This is a study for the putto at left in Guercino's Saints Gertrude and Lucretia from 1645, now in the Galleria Sabauda (inv. 140; N. Turner, The Paintings of Guercino. A revised and Expanded Catalogue raisonné, Rome, 2017, no. 313, ill). The painting's history is well documented; it was commissioned by the Duca d'Altemps (presumably Gianpietro d'Altemps (1615-1691), who paid Guercino on 8 June 1645 the sum of 260 ducats after which is was placed as the altarpiece in the S. Nicola da Tolentino, Rome. A drawing showing the same composition with slight differences, is in the Royal Collection, Windsor (inv. 2945; D. Mahon and N. Turner, The Drawings of Guercino in the Collection of her Majesty the Queen at Windsor Castle, Cambridge, 1989, no. 408).

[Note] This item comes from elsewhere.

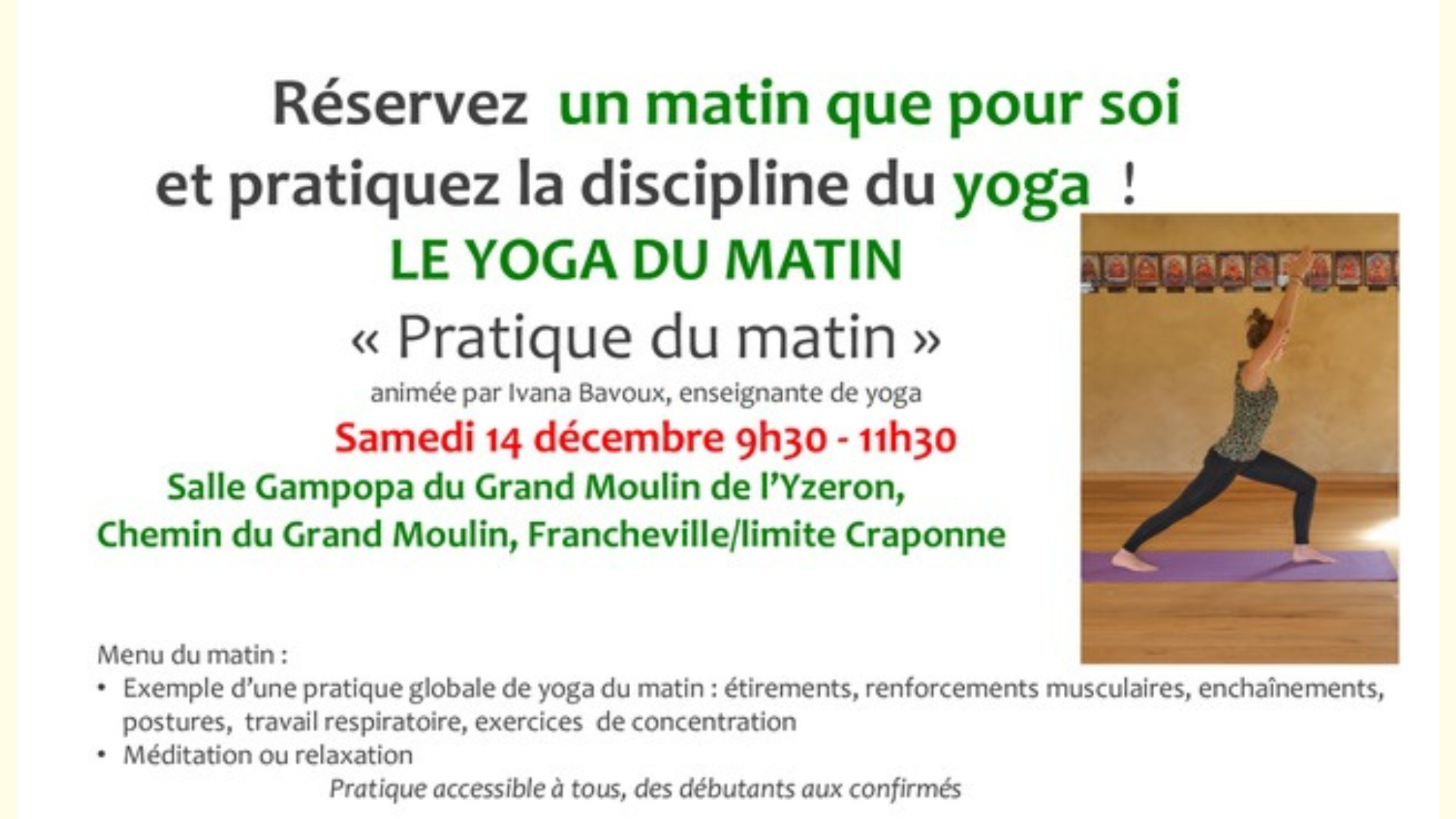 Déjà organisé plusieurs fois cette année, je vous invite pour démarrer votre week-end avec un yoga plus dynamique et tonifiant. Toujours en respectant votre corps, une pratique simple du hatha yoga qui va durer 2 heures (9h30 - 11h30). La pratique sereine et dynamique pour développer votre souplesse, pour réveiller vos muscles mais aussi les sens et […]
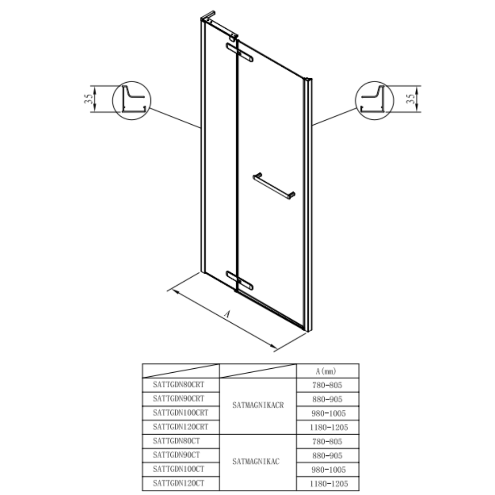 Caractéristiques de la Porte de douche TGD NEW 100x200cm pivotante anticalcaire avec profilés noir mat (SATTGDN100NIKAC) :

The drawing’s provenance is of considerable interest as the mount bears an inscription and numbering on the reverse in the hand of the Florentine collector Francesco Maria Niccolò Gabburri (1676–1742). Gabburri was among the earliest 18th-century Italian collectors to own a group of Guercino drawings, with his French contemporary Pierre Crozat also collecting the artist in his respective country. While it is known Crozat’s collection derived from the heirs of Conte Carlo Cesare Malvasia of Bologna the precise source of Gabburri’s group of works is unknown. It is thought they may have come directly from the artist’s heirs. Much of Gabburri’s Guercino collection survives but comparatively few retain their original mounts making this piece unusual in its provenance and direct link to the collectors own hand. Another drawing by Guercino, showing A study of a winged angel, ub the William Humphreys Art Gallery, Kimberley, also survives on a Gabburri mount (see 'The Italian drawings collection of Cavaliere Francesco Maria Niccolò Gabburri (1676–1742),’ in Collecting Prints & Drawings in Europe c. 1500–1750, C. Baker et al., Ashgate, 2003, p. 202).
We are grateful to Nicholas Turner for his assistance in cataloguing this drawing and for confirming the attribution to Guercino.